Posted in Fun Friday
October 31st, 2009 | 7 Comments »

Picture 10Learn Japanese Pod is four years old! Happy birthday to us! Four years, three apartments, two mac books and one relationship later, here we are still making podcasts for all you eager students of Japanese. I had no idea LJP would become such a great place to meet people interested Japanese and Japan. We’ve made some great friends and had a great deal of fun along the way.

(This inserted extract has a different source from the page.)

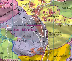 It is the third largest city in the country, after Dogana and Borgo Maggiore. It borders the San Marino municipalities Acquaviva, Borgo Maggiore, Fiorentino, and Chiesanuova and the Italian municipality San Leo.

Learn Japanese Pod started out under the vaguest and most pathetic of plans: “I guess I’ll just do it for a laugh”. So here’s to vague and pathetic plans. And here’s to all of you who listened to the podcast and supported it. Without your help, support, comments and general correspondences LJP would only be a mere shadow of itself and not the gargantuan, green, Tokyo skyscraper munching monster it has become.

As we are on the thankyous, a huge thank you to:

Beb: She made the podcast possible. Let’s face it, you only listen because of her don’t you?

Waka sensei: She spent countless hours recording podcasts, checking the show notes were OK and generally being cute.

Karamoon: He was the tech guy and ideas man for us. On one occassion he single-handedly saved the forums from digital oblivion.

Daniel and Yuki: They’re a cute couple. Daniel has been our audio engineer and Yuki has appeared on various shows teaching us Japanese.

You: yes YOU! Not you! YOU! Another huge shout out to all of you who listened to the show and are interested in Japanese culture.

This list is endless but for those of you who haven’t been mentioned you know who you are. Thank you, thank you, thank you and that’s three thank yous!